If the clear operates in place and you can't assign to a new instance, then make the last line assert expected == actual.clear

Initially I tried this approach but then I realized that we can't instantiate the expected object given those expected parameters. The reason why it cannot is because there is a function in the class called setdata that does not allow instantiating a object with 0 resolution as what clear does. here is part of the code that setdatadefines:
if res <= 0: raise ValueError("Resolution res must be greater than 0.")

The only way that makes your structure works is to refactor the source code here to change from <= to <, but I'm not sure if this would change the behavior of the function as Luke originally plans...

Why is it possible to set a zero resolution in clear but not when instantiating? This is the question. This is probably an issue with the code itself. Actually, this is one reason we love tests, because we discover things like this....

Remember, tests test "behavior", not code. What behavior do we want for the clear method?

Is clear used anywhere in the code? Try and figure out what it is used for, then make a suggestion for your preferred fix.

It is used in the initilization (init)of the object. Basically, it guarantees that it could create a clean object in the instantiating step. The code reference is here
self.clear()
self.setdata(x, y, res)

Did not expect to see a flurry of activity on SrMise and thought I should chime in where it would be helpful. A res of 0 should produce the trivial clustering -- each point is its own cluster. I most likely required res > 0 because the point of the class is to find non-trivial clusterings and because in an early stage of development this class was more tightly coupled to the physical resolution of the PDF, which certainly has a positive value. Setting setting res = 0 when clearing was a transient stand in for an uninitialized state.

Considered purely as a clustering method the trivial clustering is reasonable default behavior and the only change necessary is in setdata(), along the lines of

if res < 0: raise ValueError("Resolution res must be non-negative.")

If you make that change, the docstring for setvars() in pdfpeakextraction.py should probably also be updated to state
"cres: The clustering resolution, must be >= 0".

Thanks Luke (@Ainamacar ) it is really great to have your input.

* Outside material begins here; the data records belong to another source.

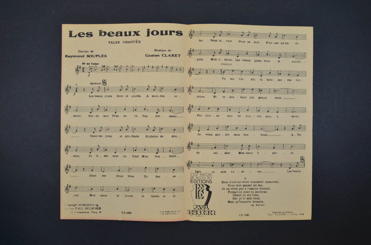 Sur la couverture, le portrait photographique de Tino Rossi inscrit dans une représentation de la carte de France. Les inscriptions renseignent le titre de la chanson, le nom des auteurs, de l'artiste et de l'éditeur. A l'intérieur, partition et paroles de la chanson. Au dos, liste d'autres partitions publiées par l'éditeur.Matériaux et techniques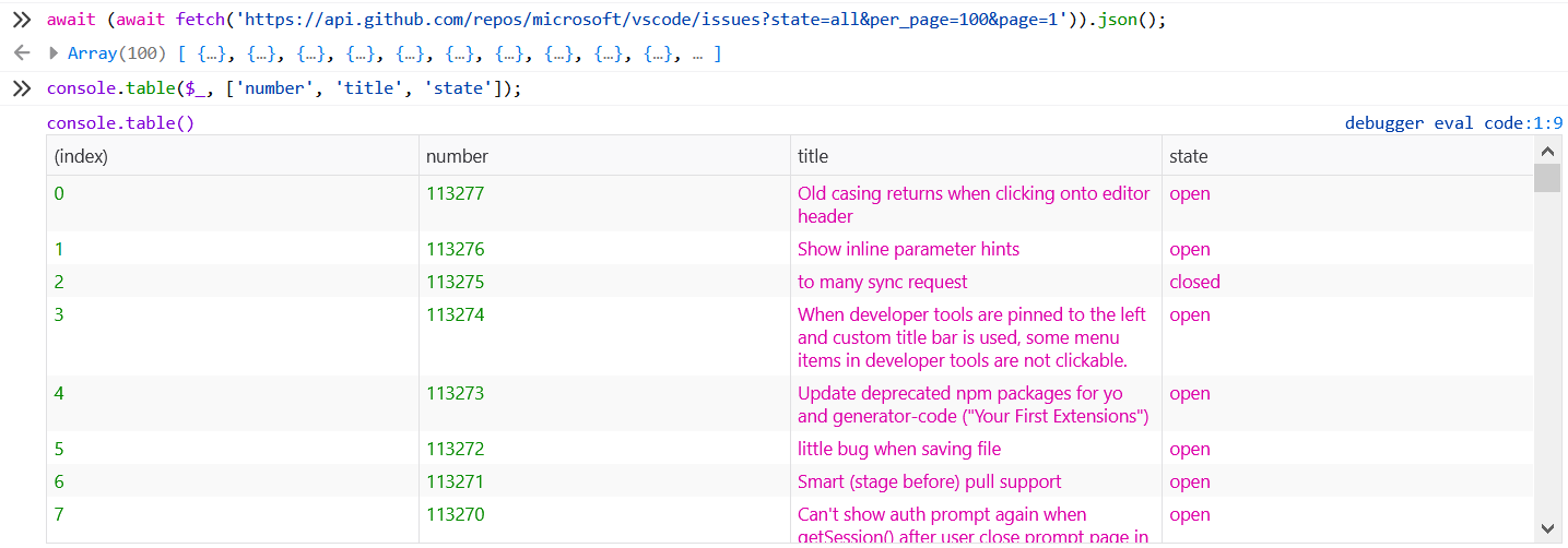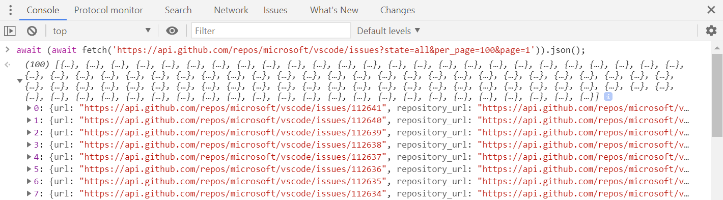 await (await fetch('https://api.github.com/repos/microsoft/vscode/issues?state=all&per_page=100&page=1')).json();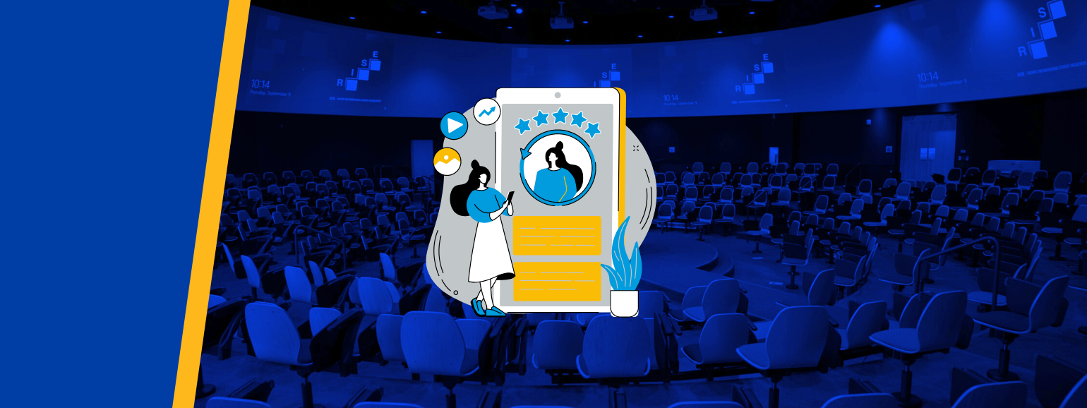 animated woman looks at profile on device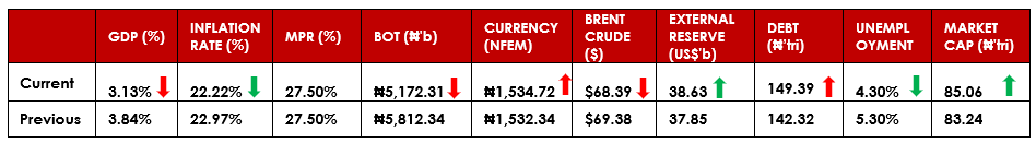 System liquidity closed positive this week at ₦1.35trillion due to inflows from FAAC allocations and net NTB maturities. Consequently, the Short-term rates closed lower, as the Open Repo Rate (ORR) and the Overnight Rate (O/N) decreased by 583bps and 575bps to 26.50% and 26.92% respectively.

I hope all is well with you!

We are trying to refactor all our diffpy packages to a standard format this summer to make maintenance easier moving forward. It is also great training for new people like Steven (@stevenhua0320 ). Any input you can provide is really appreciated!

Thank you, Simon! I will email you a brief personal update.

In any case, I'd be happy to consult on this effort as I'm able. I'm glad to see the whole diffpy effort is going strong!

sbillinge

please read all the inline comments.

sbillinge · 2024-08-08T11:20:36Z

src/diffpy/srmise/dataclusters.py

+            and self.lastpoint_idx == other.lastpoint_idx
+            and self.status == other.status
+        )
+
    def clear(self):
        """Clear all members, including user data."""


we need a better docstring. When we touch code, we like to improve it.

src/diffpy/srmise/tests/test_dataclusters.py

sbillinge · 2024-08-08T11:23:10Z

src/diffpy/srmise/tests/test_dataclusters.py

+            {
+                "x": np.array([]),
+                "y": np.array([]),
+                "data_order": np.array([], dtype=np.int32),


why are we setting these to int32?

Because in the original code it set the attribute into int32, I'm not so sure whether modification would influence the behavior, so I retain the format from the original code to test.

yes, I kind of know why you did that, but I am also trying to emphasize a point that tests test behavior, not code, so we don't design tests to make code pass, we design tests to ensure specific behaviors, then we write code to make sure the tests pass. Then we are sure that the code has the right behavior. So understand why that is int32 and ask the question, why and is that the best thing? We may not find the answer and then we can default to mimicking the original code, but we should at least go through that process.

Both data_order and clusters store indices, which should be integers. (It looks like I also did this with check_qualidx in modelcluster.py.) So I believe this functions as a type hint or perhaps a vestige of habits from strongly typed languages.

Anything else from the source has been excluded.